Keberhasilan Kampung Pandu tidak hanya terletak pada produktivitasnya, tetapi juga pada kemampuannya menjadi pusat kolaborasi antara pemerintah, masyarakat, dan dunia akademik. Bupati Lamongan, Yuhronur Efendi, menjelaskan bahwa kawasan ini telah menghasilkan varietas padi unggul seperti PJM 01 hingga PJM 04. Selain itu, kampung ini juga menjadi lokasi bagi riset dan pengembangan inovasi oleh Satgas Sego Boran, yang merupakan bentuk sinergi antara lembaga lokal untuk mendukung ketahanan pangan nasional.
Langkah-langkah terpadu yang diambil pemerintah menunjukkan pendekatan yang tidak hanya mengandalkan intervensi dari pusat, tetapi juga melibatkan kekuatan lokal dan kolaborasi antar sektor. Model seperti Kampung Pandu dapat menjadi referensi nasional dalam membangun kemandirian pangan berbasis potensi daerah. Hal ini juga membuktikan bahwa pendekatan pembangunan pangan yang inklusif, berbasis inovasi, dan berkelanjutan, dapat memperkuat fondasi negara dalam menjamin ketersediaan pangan bagi seluruh rakyat.

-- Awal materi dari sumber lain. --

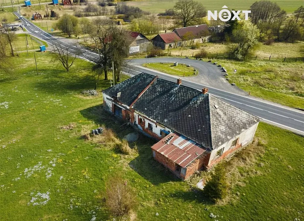 Dům z roku cca 1945, nepodsklepený, s jedním nadzemním podlažím. Dispozičně nabízí 6 místností, prostornou garáž/stodolu a menší přístavek v zadní části. Obytná část je postavena z pálených cihel, garáž/stodola má smíšené zdivo (cihla/kámen). Krov střechy je až v překvapivě dobrém stavu, stejně jako celková statika objektu, dům je také bez zjevných známek výrazné vlhkosti. Dům není v současnosti napojen na inženýrské sítě. Možné je připojení na elektřinu a vodovod před domem. Na pozemku je také vlastní kopaná studna, která je však v současnosti nefunkční. Před domem prochází vedení datového kabelu Cetin.
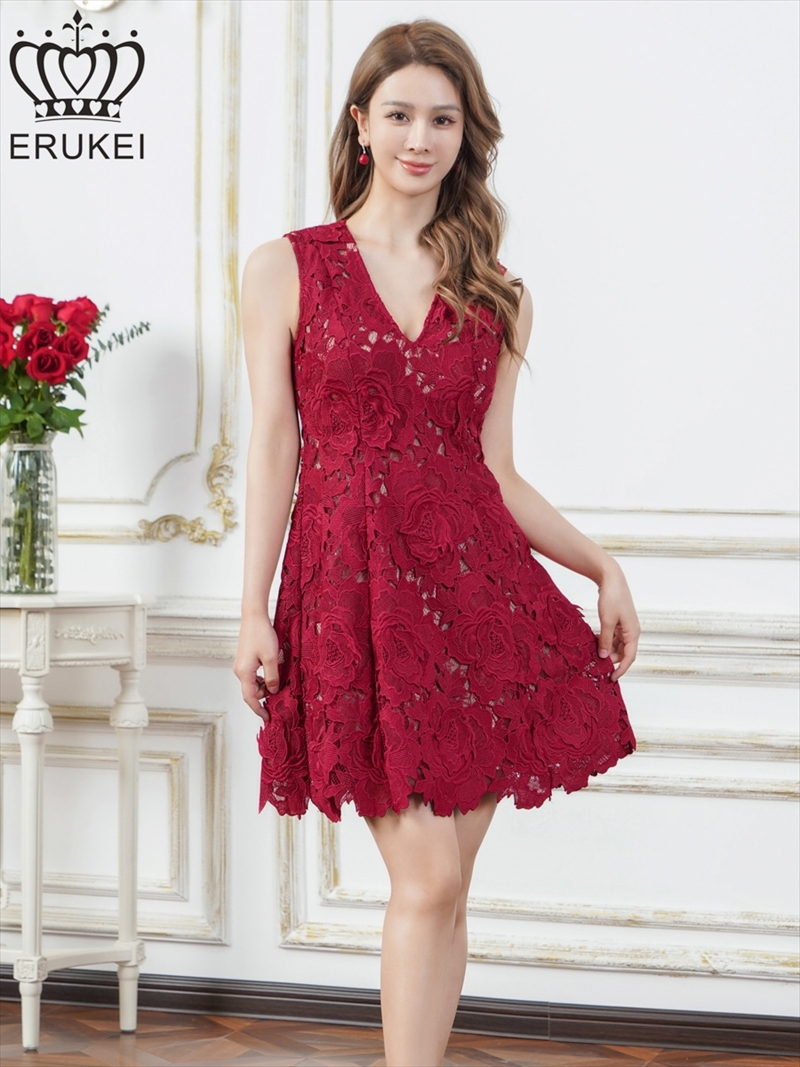 - > XS-Lサイズあり【ERUKEI エルケイ】フラワーレース/ 総レース/ ノースリーブ/ Vネック/ フレア/ Aライン/ ワンピース/ ミニドレス/ キャバドレス[OF2]

Dengan program yang terintegrasi antara rehabilitasi irigasi dan pengembangan kawasan pangan terpadu, pemerintah berupaya menjawab tantangan global dengan solusi lokal. Pendekatan ini bukan hanya menargetkan peningkatan produksi, tetapi juga membentuk sistem pangan yang resilien terhadap krisis dan perubahan iklim. Dalam konteks ini, dukungan publik terhadap kebijakan pemerintah menjadi krusial, karena swasembada pangan bukan sekadar proyek jangka pendek, melainkan komitmen kolektif untuk menjamin masa depan bangsa.